Немцы долго стояли у Пиренеев. Ходили слухи, будто они собираются послать ударные силы для взятия Гибралтара, что сильно смахивало на вторжение. Нас отправляли в Россию, чтобы успокоить немцев насчет Испании, сделать вид, что мы на их стороне. Газета сообщает нам, что Сталин самый настоящий враг, но нет никаких упоминаний о нашем вступлении в войну. В общем, ведутся какие-то игры, и мы в них втянуты. У меня было предчувствие обреченности всей этой экспедиции, но за укреплением гавани к нам прибилась стая дельфинов, сопровождавшая нас чуть не до самого Альхесираса, и я счел это хорошим предзнаменованием.
10 июля 1941 года, Севилья
Нас разместили в казармах в южном конце города. Мы всю ночь кутили напропалую, не заплатив ни за одну порцию спиртного. Не так давно некоторые из нас свирепствовали на улицах Трианы. А теперь мы — герои, призванные остановить расползание коммунизма. Пять лет — это вечность в человеческих отношениях.
Несмотря на жуткую жару, Севилья мне нравится. Темные прохладные бары. Люди с короткой памятью и потребностью веселиться. Я думаю, именно здесь стоит жить.
18 июля 1941 года, Графенвёр, Германия
Мы пересели на другой поезд в Эндее в Южной Франции. Французы потрясали кулаками и швыряли камни в вагоны, в которых мы проезжали мимо. Наша первая остановка в Германии — в Карлсруэ. На вокзале было полно народу. Все радостно кричали и распевали «Deutschland, Deutschland uber alles»[77] Поезд засыпали цветами. Теперь мы где-то северо-восточнее Нюрнберга. Погода пасмурная. Новобранцы и большинство guripas[78] уже в унынии: скучают по дому. Мы — ветераны — в унынии оттого, что по последним сведениям «Голубая дивизия», как нас называют, будет не моторизованной, а на конной тяге.
8 августа 1941 года, Графенвёр
У Паблито подбит глаз и рассечена губа. Он любит немцев не больше, чем коммунистов, которых еще не встречал. Солдаты, guripas, отказываются надевать немецкую форму, предпочитая ей свои голубые рубахи и красные береты. Драка разыгралась в городе, в винном погребке. «Они заявили, что мы не умеем ухаживать за своим оружием, — объяснил Паблито. — Но в действительности дело в том, что мы трахаем их баб, и те млеют от удовольствия». Не знаю, найдем ли мы когда-нибудь общий язык с нашими новыми союзниками. Еда у них воняет хуже параши, их табак отдает сеном, вина нет совсем. Полковник Эсперанса получил «студебекер-президент», а нам прислали из Сербии 6000 лошадей. Месяца два понадобилось бы только для того, чтобы обучить животных, а мы отправляемся на фронт в конце месяца. Паблито слышал, что нас бросят прямо на Москву, но я вижу, как смотрят на нас немцы. Они ценят дисциплину, беспрекословное повиновение, порядок и аккуратность. Наше тайное оружие — страстность. Но оно настолько тайное, что им его не распознать. Лишь в бою они поймут, какое пламя бушует в груди каждого guripa. Стоит одному крикнуть: «А mi la Legion!»[79] и все, как один, поднимутся и загонят русских обратно в Сибирь.
27 августа 1941 года, где-то в Польше
Наша слава совратителей местных женщин опередила нас. Нам было запрещено иметь какие бы то ни было отношения с еврейками, которых мы узнаем по желтой звезде, и с польками (паненками). Мы слышали, что 10-я рота 262-го батальона маршировала в знак протеста с прикрепленными к винтовкам надутыми презервативами.
2 сентября 1941 года, Гродно
Первые признаки боевых действий на подходе к Гродно… предместья города сровняли с землей.

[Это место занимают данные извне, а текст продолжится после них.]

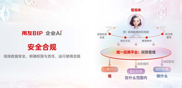 在安全合規(guī)層面,用友BIP通過(guò)保障企業(yè)的數(shù)據(jù)安全,對(duì)用戶明確權(quán)限與責(zé)任,規(guī)范AI應(yīng)用在企業(yè)內(nèi)的使用流程等,保證AI使用符合企業(yè)和國(guó)家的相關(guān)法規(guī)。通過(guò)接入企業(yè)權(quán)限管理與制度體系,通過(guò)針對(duì)異構(gòu)系統(tǒng)的技能權(quán)限管理(包括智能體的權(quán)限控制),以及數(shù)據(jù)倉(cāng)庫(kù)的分層權(quán)限控制、加密與脫敏以及訪問(wèn)通道等,并從技術(shù)架構(gòu)設(shè)計(jì)層進(jìn)行實(shí)時(shí)行為監(jiān)控、保障安全,以及遵從相關(guān)的倫理合規(guī)等。

В центре полно камней, убирать которые заставили евреев. Они истощены, так как живут впроголодь. Отношение Паблито к немцам с каждым днем становится все более враждебным. Теперь он называет их гадами. Чем ближе мы к фронту, тем грубее делаемся. Паблито увлекся белокурой зеленоглазой паненкой по имени Анна.
12 сентября 1941 года, Ошмяны
Дороги совсем укатали «студебекер» полковника Эсперансы. Недалек тот день, когда полковник будет передвигаться на своих двоих наравне со всеми остальными. На днях подкатил черный «мерседес», из него вылез генерал Муньос Грандес и позавтракал с нами. Паблито и guripas были в восторге. Генерал воодушевляет нас, потому что он один из немногих командиров, которые понимают, каково быть простым солдатом.

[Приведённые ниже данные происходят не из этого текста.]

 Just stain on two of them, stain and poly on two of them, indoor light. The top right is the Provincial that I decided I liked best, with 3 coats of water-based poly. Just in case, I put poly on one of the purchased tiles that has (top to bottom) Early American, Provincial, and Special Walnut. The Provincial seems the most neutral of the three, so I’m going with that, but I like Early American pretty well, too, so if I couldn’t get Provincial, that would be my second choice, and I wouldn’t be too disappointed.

16 сентября 1941 года, Минск
Паблито говорит, что за городом находится лагерь, где содержатся русские пленные. Им совсем не дают еды. Местные жители бросают все, что могут, через забор и порой платятся жизнью за свое сердоболие. Паблито счастлив: его паненка объявилась в Минске. А я счастлив, потому что вчера привезли турецкий горох и оливковое масло.
9 октября 1941 года, Новосоколъники
Мы застряли на подъезде к Великим Лукам — железнодорожные пути взорваны партизанами. Мы обрыскали весь город в поисках съестного и закончили тем, что жарили околевших лошадей в угольных ямах на сортировочной станции, пили картофельную водку и пели. Паблито, сохнущий по Анне, поет просто замечательно. Фламенко в степи.
10 октября 1941 года, Дно
Выгрузились здесь, чтобы пересесть на поезд, ходящий по более широкой колее. На фонарном столбе висела старуха. Партизанка. Guripas в шоке. «Что ж это за война такая?» — спросил один из них, будто не знал, что творилось в его собственной стране три года назад.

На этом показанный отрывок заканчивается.